Mills enabled medieval millers to obtain far more nutrition from an acre of grain than was possible before. This made it possible for land to support many more people, and the population surged. The whole feudal system was built around the economics of mills, and mills thrived through the 19th century.

What does the mill have to with the school? Mills only grind well-behaved grain into well-behaved flour, while schools work with far more complex children, families, and all the systems that surround them. The products of schools must include joy and discovery, knowledge and skills.

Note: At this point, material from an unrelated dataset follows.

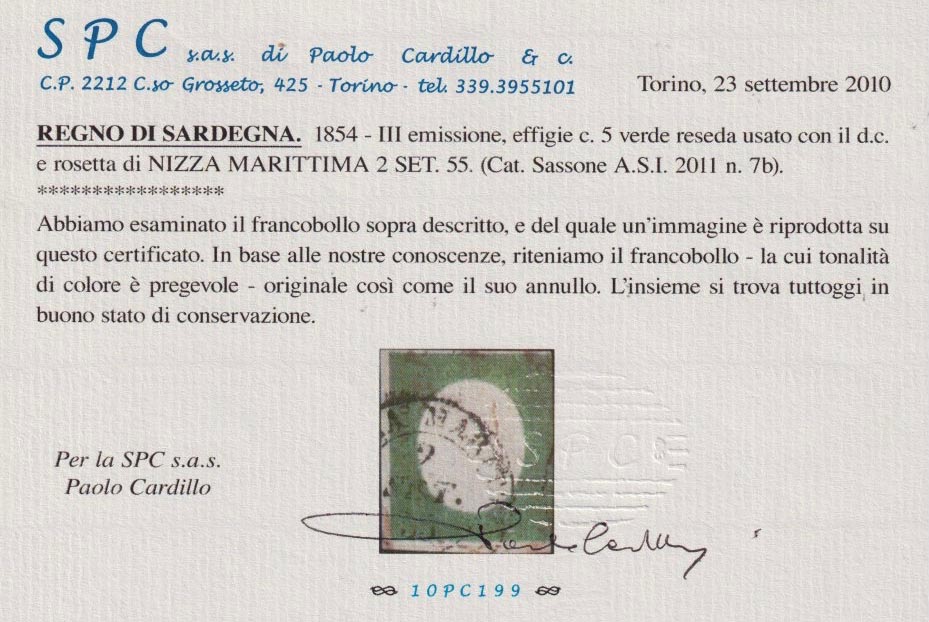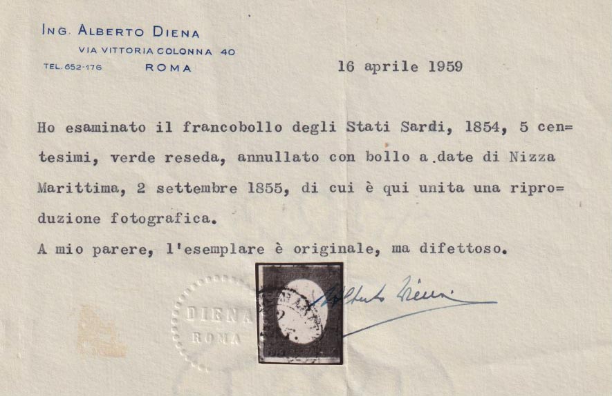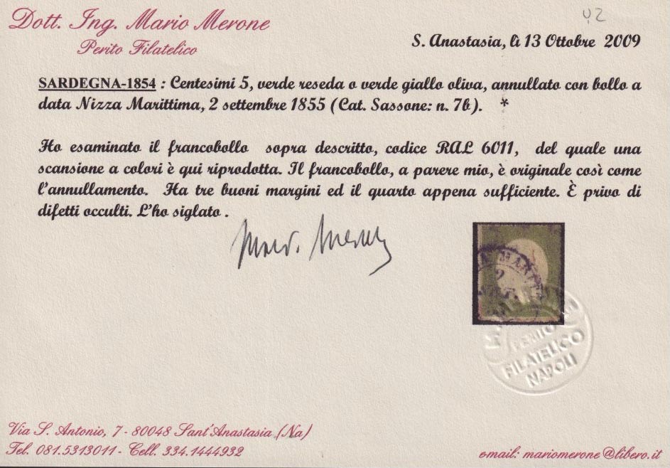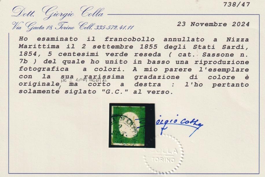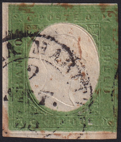 65 U image1854 EFFIGIE A RILIEVO SU CORNICE A FONDO PIENO. Francobollo da 5 centesimi della rarissima tonalità VERDE RESEDA (Sassone 7b), annullato con 3 ampi margini e toccato a destra. Dettagliati certificati di garanzia Colla (2024), "sorico" A. Diena (1959). La tonalità di colore più rara delle prime emissioni sarde (Image) (ImageA) (ImageB) (ImageC) (ImageD) (ImageE)

Yet as different as they are, mills have something to teach us. They show the importance of integrating diverse systems that can then efficiently deliver desired outcomes. Neither a mill nor an effective school comes into existence because someone in power tells it to. Instead, complex systems, mills or schools, must be created, tested, adapted to local needs, and constantly improved. Once we know how to create, manage, and disseminate effective mills or schools, policies can be readily devised to support their expansion and improvement.

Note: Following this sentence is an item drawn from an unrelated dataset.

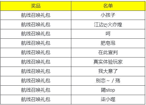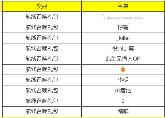 恭喜以下船长获得航线卡片召唤礼包1个,请船长在7个工作日内添加工作人员的QQ2402848532,提供自己回复截图以供核实信息,工作人员会在2个工作日内发送奖品~在航线冒险途中,一个套特别的ID、签名或头像框搭配常常能给别人留下特别的印象!各位船长有哪些酷炫的穿搭?快来回复区分享吧!本周福利升级,参与活动分享,就有机会赢取航线召唤券+卡片召唤券礼包! 活动奖励航线卡片召唤礼包*3

Important progress in societies and economies almost always comes about from development of complex, multi-component innovations that, once developed, can be disseminated and continuously improved. The same is true of schools. Changes in governance or large-scale policies can enhance (or inhibit) the possibility of change, but the reality of reform depends on creation of complex, integrated systems, from mills to ships to combines to hospitals to schools.

For education, what this means is that system transformation will come only when we have whole-school improvement approaches that are known to greatly increase student outcomes. Whole-school change is necessary because many individual improvements are needed to make big changes, and these must be carefully aligned with each other. Just as the huge water wheel and the tiny millstone adjustment mechanism and other components must work together in the mill, the key parts of a school must work together in synchrony to produce maximum impact, or the whole system fails to work as well as it should.

For example, if you look at research on proven programs, you’ll find effective strategies for school management, for teaching, and for tutoring struggling readers. These are all well and good, but they work so much better if they are linked to each other.

To understand this, first consider tutoring. Especially in the elementary grades, there is no more effective strategy. Our recent review of research on programs for struggling readers finds that well-qualified teaching assistants can be as effective as teachers in tutoring struggling readers, and that while one-to-four tutoring is less effective than one-to-one, it is still a lot more effective than no tutoring. So an evidence-oriented educator might logically choose to implement proven one-to-one and/or one-to-small group tutoring programs to improve school outcomes.

However, tutoring only helps the students who receive it, and it is expensive. A wise school administrator might reason that tutoring alone is not sufficient, but improving the quality of classroom instruction is also essential, both to improve outcomes for students who do not need tutoring and to reduce the number of students who do need tutoring. There is an array of proven classroom methods the principal or district might choose to improve student outcomes in all subjects and grade levels (see www.evidenceforessa.org).

But now consider students who are at risk because they are not attending regularly, or have behavior problems, or need eyeglasses but do not have them. Flexible school-level systems are necessary to ensure that students are in school, eager to learn, well-behaved, and physically prepared to succeed.

In addition, there is a need to have school principals and other leaders learn strategies for making effective use of proven programs. These would include managing professional development, coaching, monitoring implementation and outcomes of proven programs, distributed leadership, and much more. Leadership also requires jointly setting school goals with all school staff and monitoring progress toward these goals.

These are all components of the education “mill” that have to be designed, tested, and (if effective) disseminated to ever-increasing numbers of schools. Like the mill, an effective school design integrates individual parts, makes them work in synchrony, constantly assesses their functioning and output, and adjusts procedures when necessary.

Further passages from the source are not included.